"""

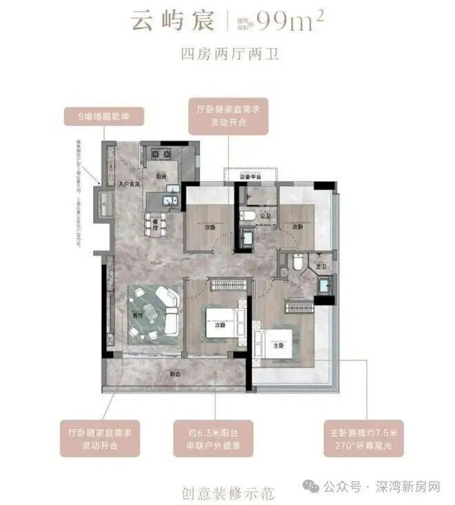 99㎡的4房2厅2卫,设计的是竖厅格局,客厅3.35米开间,LDKB一体化,S墙设计预留双开门冰箱卡槽位,三开间朝南,动静分区,U型厨房,公卫三段式干湿分离,赠送设备平台,得房率约78.27%(不含赠送),客厅连接次卧出9.37m²大阳台西南或东南朝向。靓点:99平做到了4房2卫,主卧270°无柱转角飘窗,厨房烟道外置+额外赠送设备平台,并且是纯南向格局。
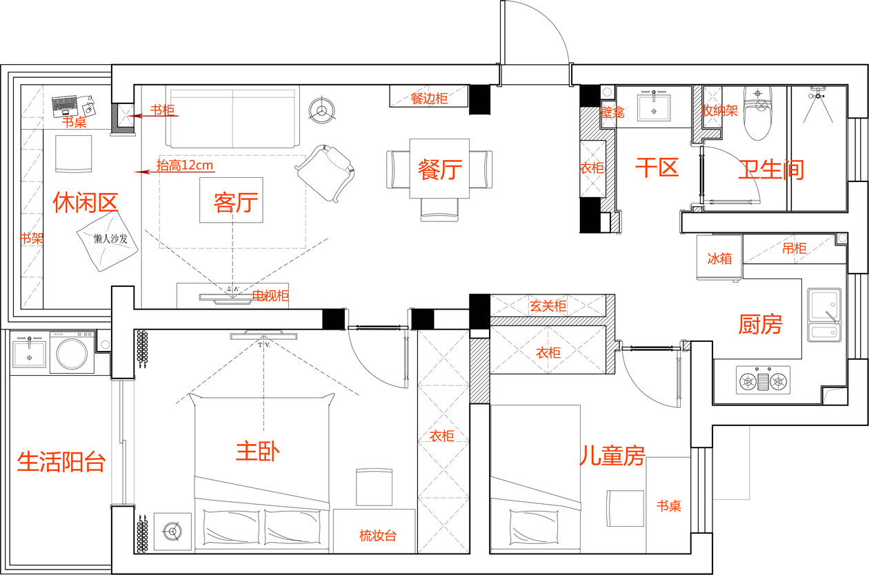 整體風格簡潔明快現代簡約風格注重室內空間的使用功能,主張廢棄繁瑣的裝飾,室內布置按功能區(qū)分的原則進行,家具布置與空間密切配合,色彩造型緊跟時尚潮流,以個性化簡單化裝修方式打造舒適家居。
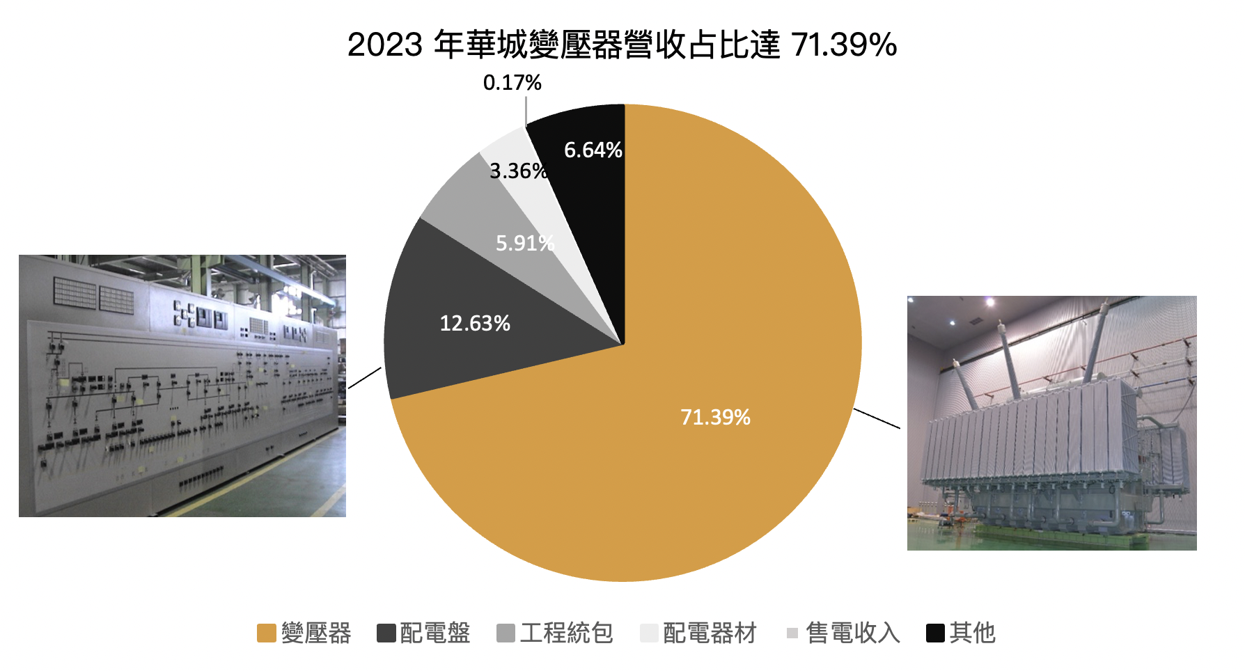 華城電機(市:1519)成立於 1969 年,主要業務為重電設備,營收以變壓器為主(71.39%),其餘還有配電盤(12.63%)及工程統包(5.91%)。
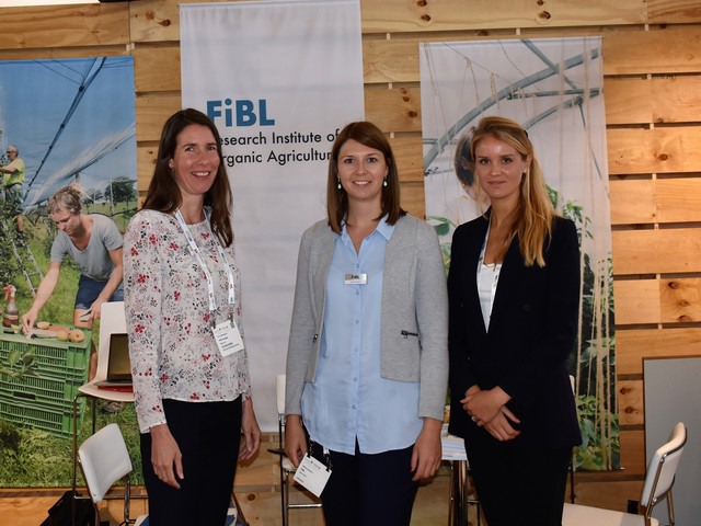 Een internationaal gezelschap in de stand van FIBL met Dora Meszaros uit Hongarije, Xenia Gatzert uit Duitsland en Pia Pedross uit Italië.
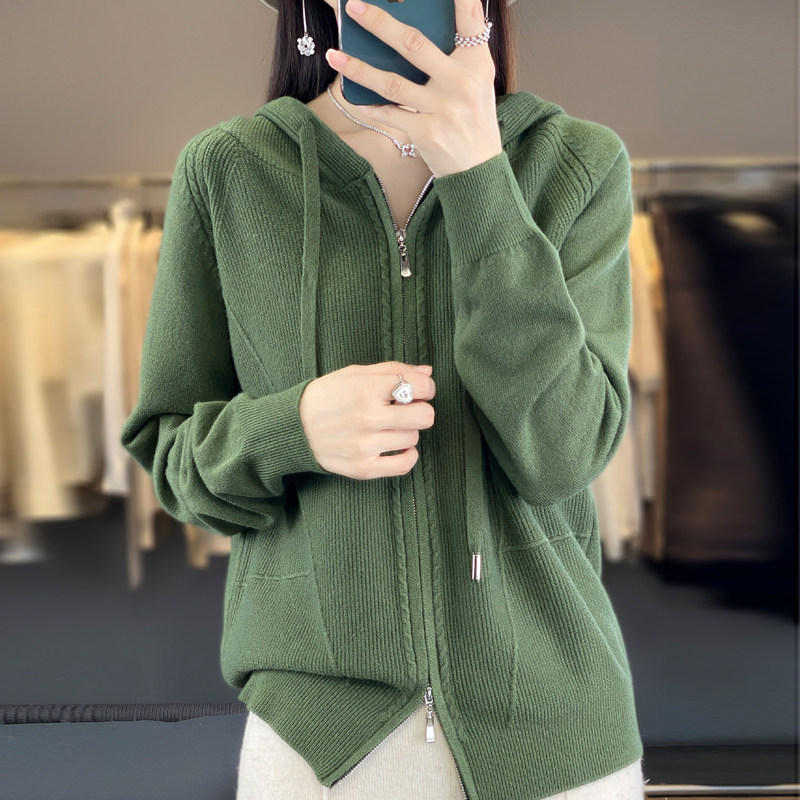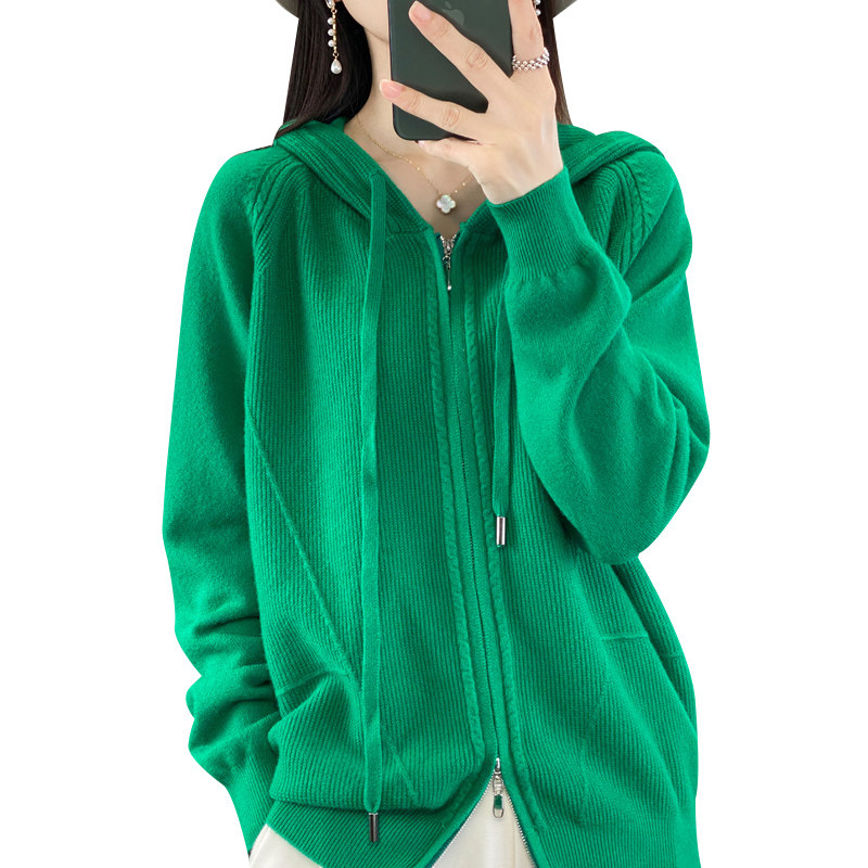 撤标撤柜(A)女春秋款拉链连帽卫衣宽松大码女装秋冬针织开衫毛衣

"""

**Problem:**
Using the listing above, write out exactly the lines from the one that holds "整體風格簡潔明快現代簡約風格" through the last line, both included, and omit pictures.

**Written solution:**
 整體風格簡潔明快現代簡約風格注重室內空間的使用功能,主張廢棄繁瑣的裝飾,室內布置按功能區(qū)分的原則進行,家具布置與空間密切配合,色彩造型緊跟時尚潮流,以個性化簡單化裝修方式打造舒適家居。
 華城電機(市:1519)成立於 1969 年,主要業務為重電設備,營收以變壓器為主(71.39%),其餘還有配電盤(12.63%)及工程統包(5.91%)。
 Een internationaal gezelschap in de stand van FIBL met Dora Meszaros uit Hongarije, Xenia Gatzert uit Duitsland en Pia Pedross uit Italië.
 撤标撤柜(A)女春秋款拉链连帽卫衣宽松大码女装秋冬针织开衫毛衣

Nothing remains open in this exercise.